They Will Tear You Apart









The basement was cold. Carry sat on the edge of my bed, her head in her hands. I just stared at my bedroom wall which was covered in posters, Polaroid photos, random things from magazines. There wasn’t a single inch of exposed wall.


I stared at the Clockwork Orange poster and thought about the knife that Alex held. I imagined it being used to cut out the thing that might be inside her. That’s all I saw whenever I looked anywhere. Things that related to our catastrophe.


“Fifteen days.” she said.


“I know.”


“Fifteen days late.”


She wasn’t crying, but it was coming. It hadn’t happened yet, but it would eventually. Some emotion would come. It worried me how made of stone she seemed. Stone cracks.


Upstairs I could hear my parents walking around. A door closed, the TV turned up louder. They were watching the weeks X-files recorded on VHS. I could tell from the theme song.


Beside us, my digital clock started to buzz. We’d programmed it to go off at 9:45 because her parents demanded she be home by 10pm on a school night.


Most of the time we lost track of time because we were fucking.


Now she was sixteen, half a month late with her period. There was no way to lose track of time now. Each minute was accounted for, documented in a logbook, studied under a microscope for the slightest inference that blood would appear and save both our lives.


“We have to go.”


Her father was a firefighter. I could visualize it clearly. Him putting an ax through my abdomen. Then he would pour fuel over me. Light me up. They liked that, the firefighters. Firebugs they are, at heart.


Her mother would be watching all of this, praying to the Lord to let me survive the fire, so that I could suffer forever, dunked into brine tanks. She’d do the dunking herself, all the while muttering prayers. My body one scar that would never touch let alone be touched by another girl again.


Carry stood up. She put her puffy pink coat on, didn’t say a word as we walked out the back door and across the frozen yard.


The chain link gate had bonded to the ground and we could barely get it open.


There was no heat in my car. I’d just gotten my license and I couldn’t be picky. The thing had come out of the junkyard. A different engine transplanted inside. I was lucky I had anything at all to get back and forth to see her. We drove in silence even though the cassette deck in my car was the most important thing that we both had in the world.


I’d put the tape deck in before I’d even transplanted the engine.


I looked over at her side profile.


A cheek of acne and long straight blonde hair striped with a patch of green dye. She smelled like baby powder. She had an earring with a fairy on it. Her favorite song was “Love Will Tear Us Apart” she smoked cloves. She had mentioned that an abortion wasn’t an option. That she would have to kill herself.


I hadn’t said anything.


After that threat a silence crept through the telephone line as she held her breath. In the background I could hear her mother’s beagle howling to be let outside to run around the yard.
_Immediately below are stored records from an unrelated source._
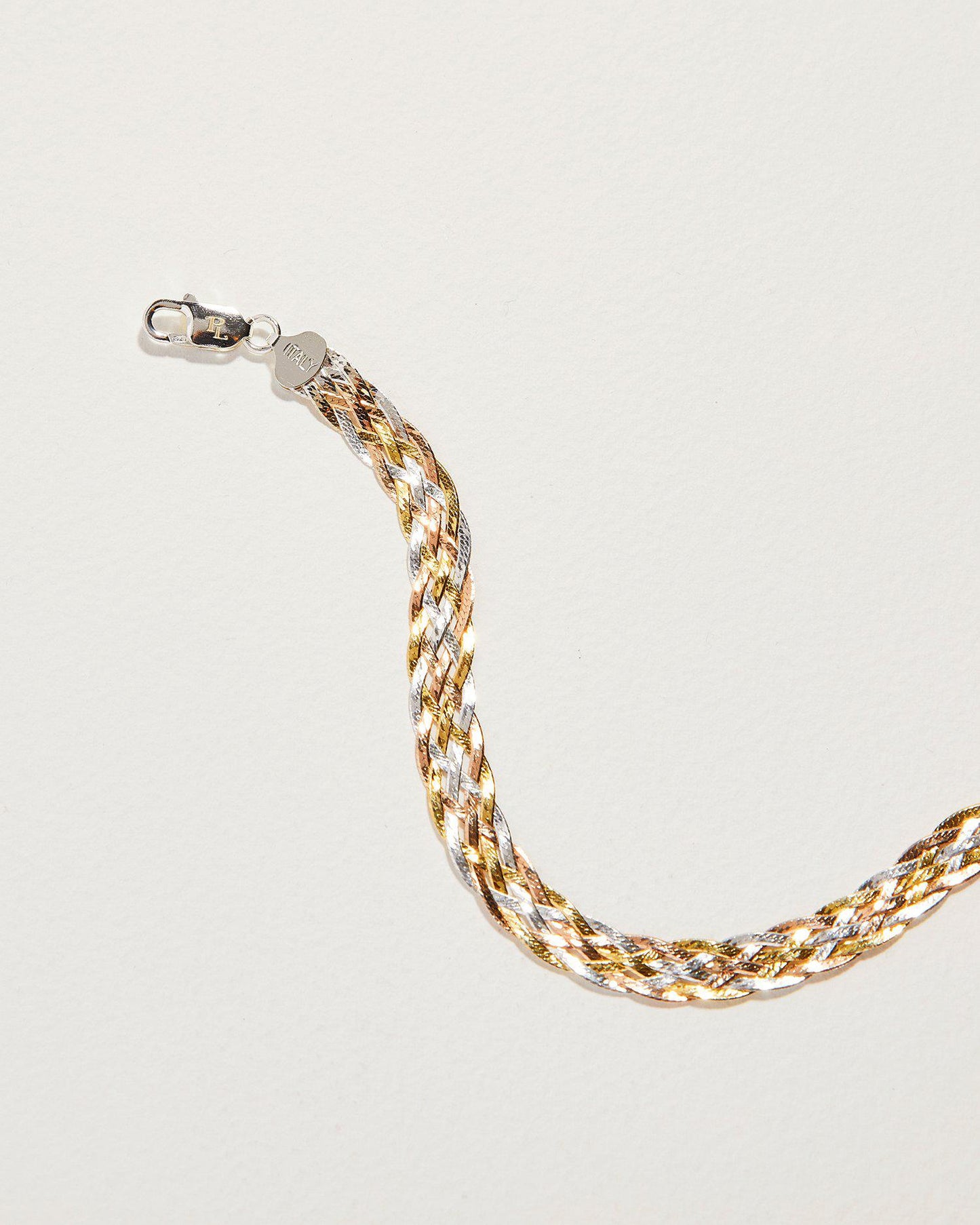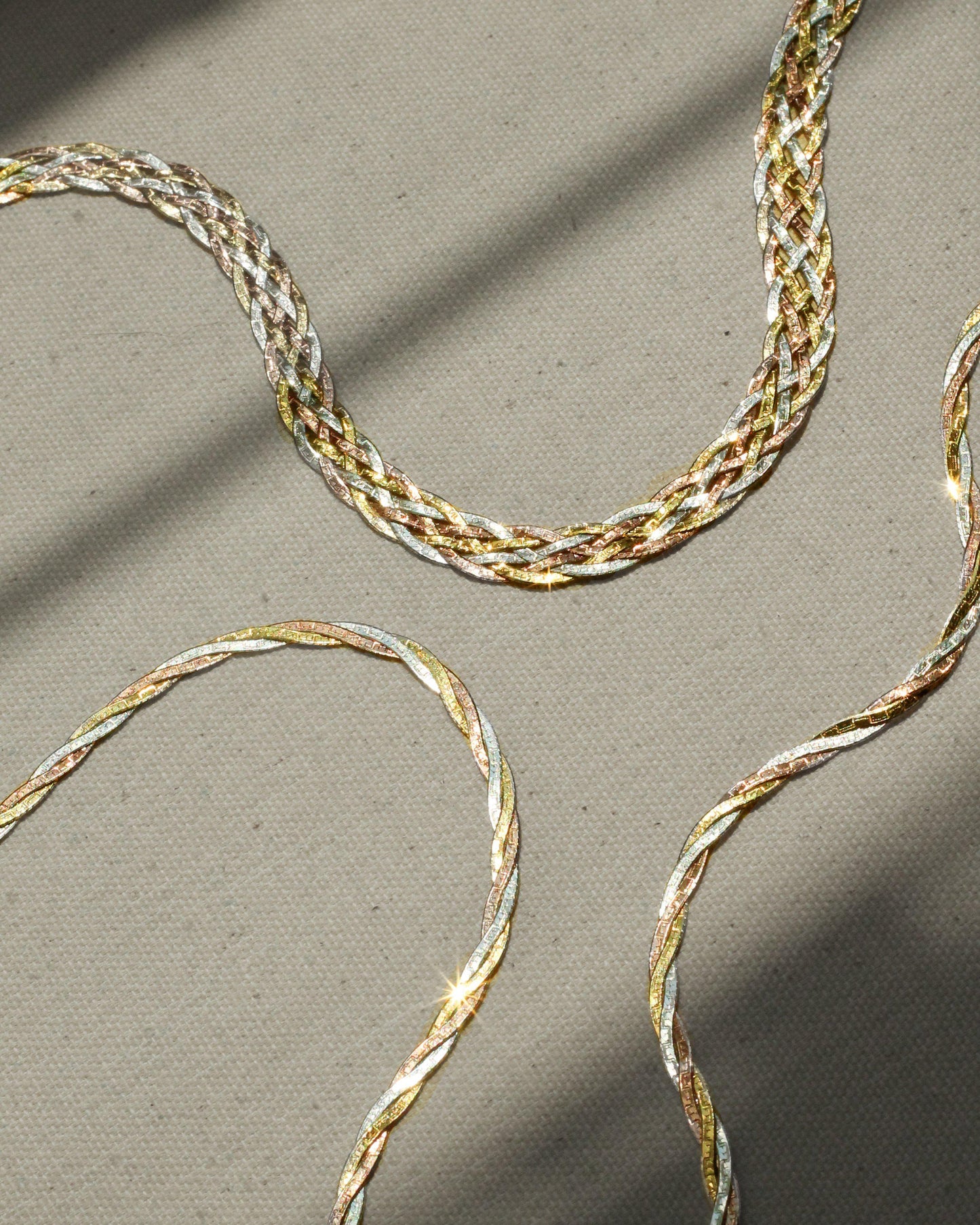 A thick herringbone chain with delicately twisted strings in yellow, rose and white gold. Made with love in Italy, these textural beauties fall perfectly along the collarbone for an effortlessly romantic look. This 14" adjustable necklace is high polished on one side and matte on the other, which allows for versatility.
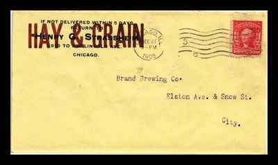DR JIM STAMPS US COVER HAY & GRAIN CHICAGO BACK ILLUSTRATED ADVERTISING 1905
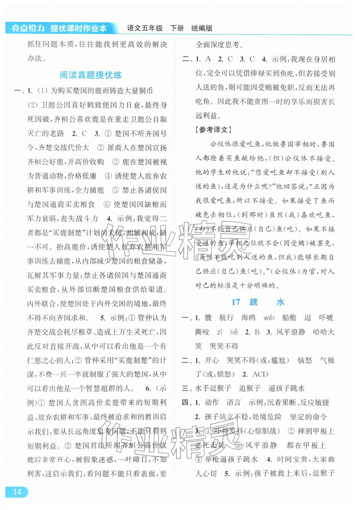 2026年亮点给力提优课时作业本五年级语文下册统编版参考答案第14页
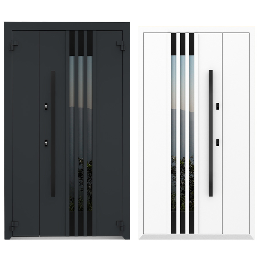 Внешняя панель: Оцинкованная сталь, атмосфероустойчивая порошковая краска (цвет на выбор), декор. алюм. рейки (цвет на выбор), декоративные металлические вставки цвет черный (цвет на выбор), стеклопакет четырехкамерный, графит/бронза (на выбор)
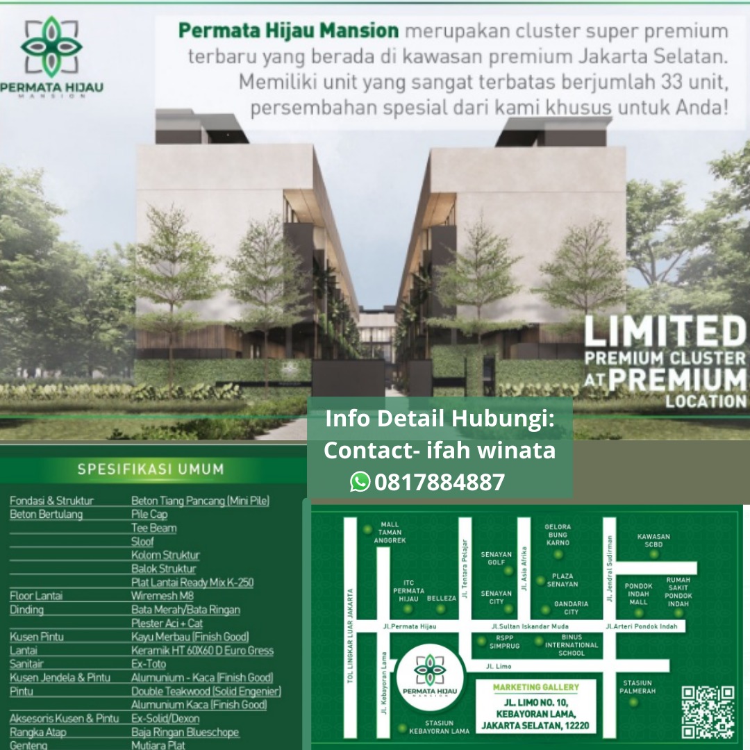 Rumah Cluster Permata Hijau Mansion Dengan Berbagai Type, Kebayoran Lama,Jaksel
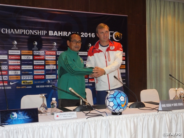 翌22日(土)は、2日後に控えた準々決勝 対 U-19タジキスタン代表との試合に向け、通常通りトレーニングを行いました。午前中には内山篤監督がU-19タジキスタン代表監督とともに記者会見に登壇し、試合に向けての抱負を語りました。
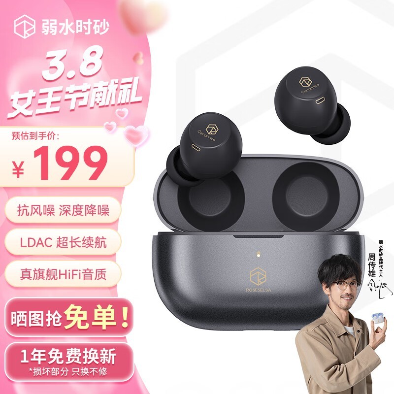 弱水时砂琉璃X真无线降噪蓝牙耳机暗夜灰版

Now she shuddered in her heavy pink coat that wasn’t warm enough.


“Not too much farther.” I said.


We crossed out of my town and into the one between ours. I liked dating girls that went to different high schools. perhaps it says something about my comfort with alienation. I didn’t want anything to do with the kids in my class. Didn’t want to talk to them. Didn’t want to drink with them. Didn’t even want to fuck them.


Ahead in the road, there was something lying down. I didn’t see it until I got too close. Too busy looking at the side of her face. She was completely numb. Borderline unresponsive.
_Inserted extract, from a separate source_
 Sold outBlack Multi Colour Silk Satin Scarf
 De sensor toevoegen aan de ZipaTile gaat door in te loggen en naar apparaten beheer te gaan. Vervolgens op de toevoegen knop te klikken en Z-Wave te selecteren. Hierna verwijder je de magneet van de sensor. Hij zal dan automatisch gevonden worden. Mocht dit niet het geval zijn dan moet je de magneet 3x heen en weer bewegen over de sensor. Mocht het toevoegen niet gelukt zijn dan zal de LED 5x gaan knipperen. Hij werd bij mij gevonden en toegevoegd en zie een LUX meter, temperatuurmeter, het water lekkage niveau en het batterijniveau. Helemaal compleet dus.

She was looking at the road, hypnotized, thinking about her fate and she suddenly yelled, “What’s that?”


It was too late.


Just then, the head lifted up and I realized too late that it was deer. Little eyes reflecting. A small skull. Perhaps a baby deer. Someone had already hit it. It wasn’t dead. Just wounded. Laying there twitching on the black asphalt.


Then I ran it over.


It was dead then.


As we drove the rest of the way down the two lane road, she was heaving and crying and wailing and punching me.
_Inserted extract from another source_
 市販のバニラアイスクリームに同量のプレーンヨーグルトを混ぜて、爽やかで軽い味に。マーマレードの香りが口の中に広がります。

“You killed it! You killed it! You Fuck!”


What could I have done?


When we got to her driveway she opened the door and sprinted out across the frozen gravel.


I put the car in reverse, pulled out.


By the time I got home the animal’s remains reeked underneath the car. Melting on the bottom of the exhaust. The skin and hair and viscera cooking. Burning. It was the worst thing I’ve ever smelled in my life. Even though it was freezing, I drove with the window down, my teeth chattering. Coughing and gagging.


In my driveway, I jacked the car up. Got a light from the garage and began to scrape the guts and chunks of animal off the undercarriage of the car.

I felt sick to my stomach, thinking about how the doctor would scrape her, in her, up inside- and pull the animal out of her.


I got a stick and pulled a chunk off, it slapped into the driveway.


It started to sleet. I went inside and sat there with my sour stomach and my fear.


Near dawn, the phone rang once. That was our cue. our way of communicating at our patents houses. No more than one ring and then I would call her back on her private line in her bedroom.


“It happened.” She said.


“Really?”


“I got my period.”


I was so happy I began to weep. I set down the phone. I ripped every single poster and photo off my wall. I burnt them in a pit in the backyard. Because that’s how you start over. When everything is overbearing. You clear the wall and you leaf through new magazines. Searching.


Always searching.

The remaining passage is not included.